In the material below, find the span from the line with "This app uses" to the line with "Veuillez noter qu’en" and transcribe only those lines, exactly, ends included, without the pictures.
#### RECORDS SUPPLIED
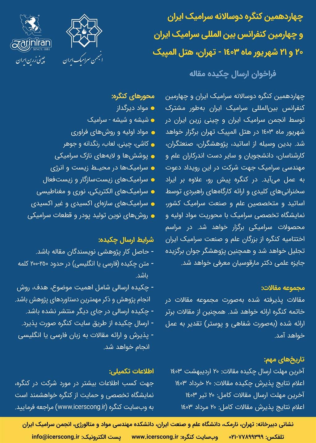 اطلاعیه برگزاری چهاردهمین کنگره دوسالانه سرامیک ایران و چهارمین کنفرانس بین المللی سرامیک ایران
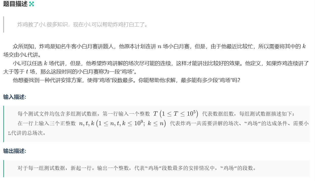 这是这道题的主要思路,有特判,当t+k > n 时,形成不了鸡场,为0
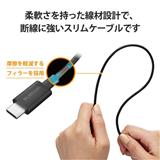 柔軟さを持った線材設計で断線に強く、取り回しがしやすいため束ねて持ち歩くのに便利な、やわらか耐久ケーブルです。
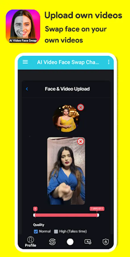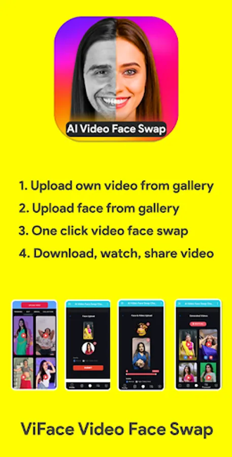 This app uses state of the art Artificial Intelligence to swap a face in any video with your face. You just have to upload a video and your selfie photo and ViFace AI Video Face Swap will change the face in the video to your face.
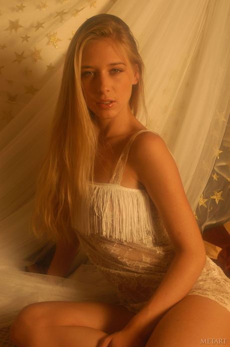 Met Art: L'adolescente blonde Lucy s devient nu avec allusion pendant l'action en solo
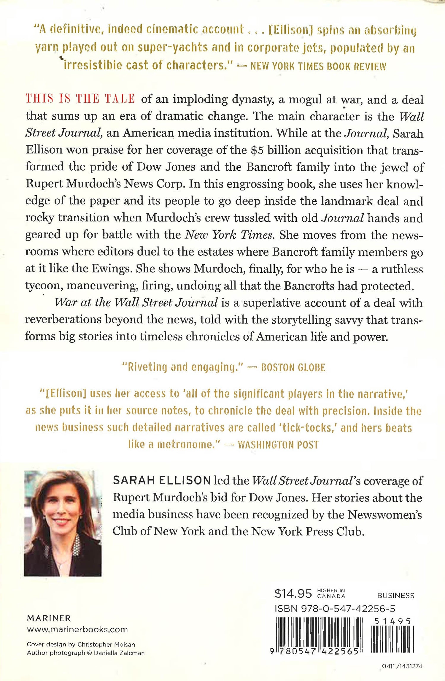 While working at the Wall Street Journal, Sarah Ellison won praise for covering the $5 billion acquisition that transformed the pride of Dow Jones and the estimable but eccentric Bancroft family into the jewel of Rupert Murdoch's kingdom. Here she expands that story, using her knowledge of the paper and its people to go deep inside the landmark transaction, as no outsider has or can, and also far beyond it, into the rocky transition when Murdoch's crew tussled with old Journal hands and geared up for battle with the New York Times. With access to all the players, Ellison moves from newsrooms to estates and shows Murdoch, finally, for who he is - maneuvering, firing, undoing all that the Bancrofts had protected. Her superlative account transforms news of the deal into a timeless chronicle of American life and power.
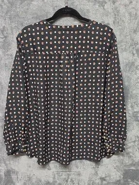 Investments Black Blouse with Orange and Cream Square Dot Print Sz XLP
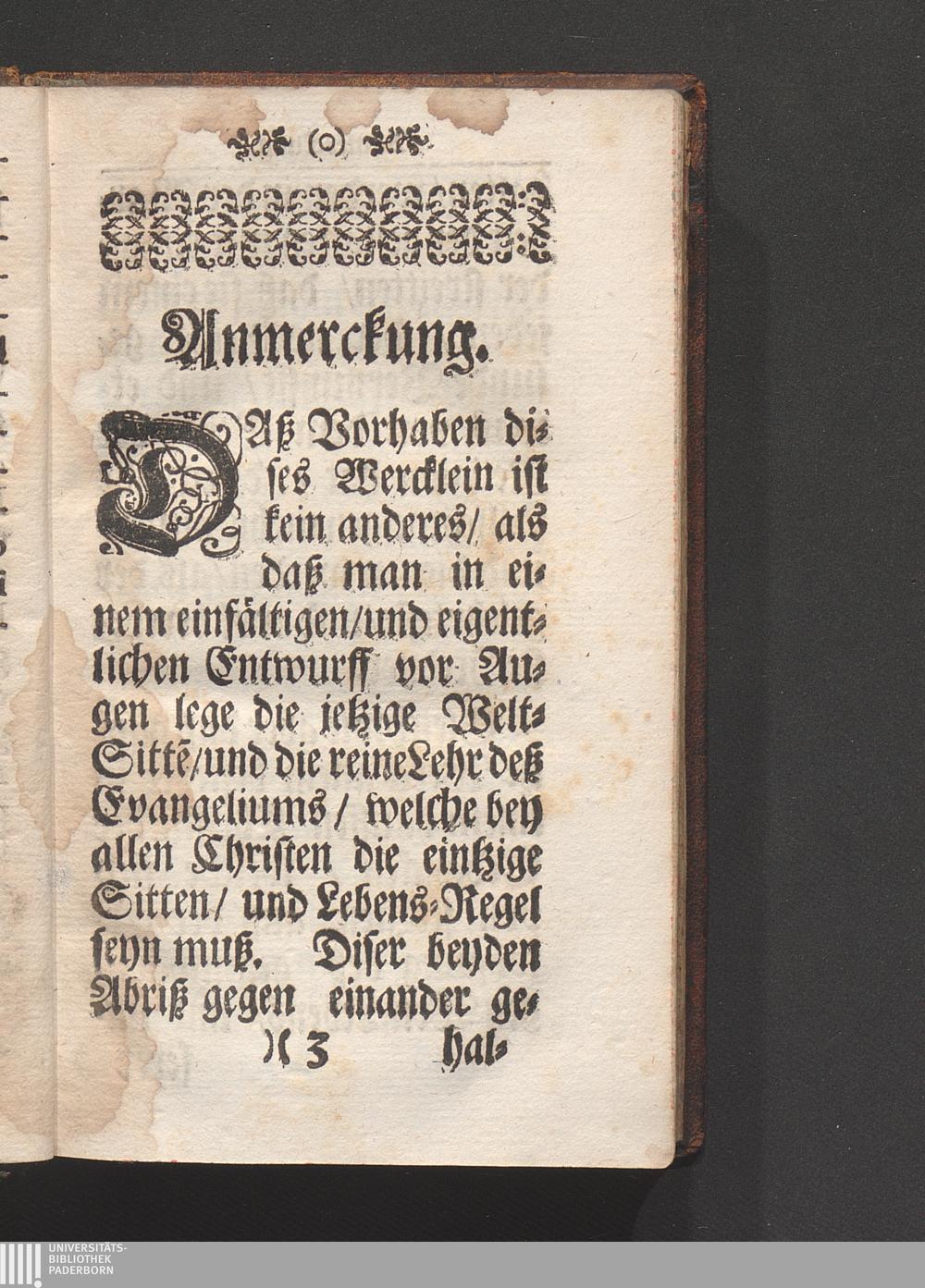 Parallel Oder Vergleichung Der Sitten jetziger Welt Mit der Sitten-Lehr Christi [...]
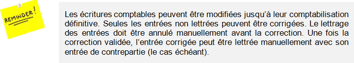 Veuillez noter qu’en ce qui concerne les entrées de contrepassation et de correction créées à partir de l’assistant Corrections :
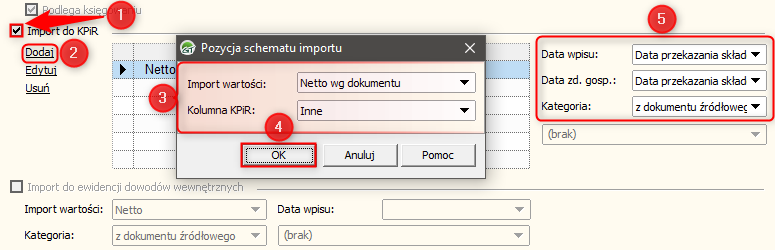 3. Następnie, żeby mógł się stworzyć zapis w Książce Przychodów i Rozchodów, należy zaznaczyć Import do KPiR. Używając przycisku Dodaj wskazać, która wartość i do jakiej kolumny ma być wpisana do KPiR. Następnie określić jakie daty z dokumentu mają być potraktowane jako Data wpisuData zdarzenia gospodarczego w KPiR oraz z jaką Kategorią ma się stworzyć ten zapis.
########
> **WRITTEN ANSWER**:
 This app uses state of the art Artificial Intelligence to swap a face in any video with your face. You just have to upload a video and your selfie photo and ViFace AI Video Face Swap will change the face in the video to your face.
 Met Art: L'adolescente blonde Lucy s devient nu avec allusion pendant l'action en solo
 While working at the Wall Street Journal, Sarah Ellison won praise for covering the $5 billion acquisition that transformed the pride of Dow Jones and the estimable but eccentric Bancroft family into the jewel of Rupert Murdoch's kingdom. Here she expands that story, using her knowledge of the paper and its people to go deep inside the landmark transaction, as no outsider has or can, and also far beyond it, into the rocky transition when Murdoch's crew tussled with old Journal hands and geared up for battle with the New York Times. With access to all the players, Ellison moves from newsrooms to estates and shows Murdoch, finally, for who he is - maneuvering, firing, undoing all that the Bancrofts had protected. Her superlative account transforms news of the deal into a timeless chronicle of American life and power.
 Investments Black Blouse with Orange and Cream Square Dot Print Sz XLP
 Parallel Oder Vergleichung Der Sitten jetziger Welt Mit der Sitten-Lehr Christi [...]
 Veuillez noter qu’en ce qui concerne les entrées de contrepassation et de correction créées à partir de l’assistant Corrections :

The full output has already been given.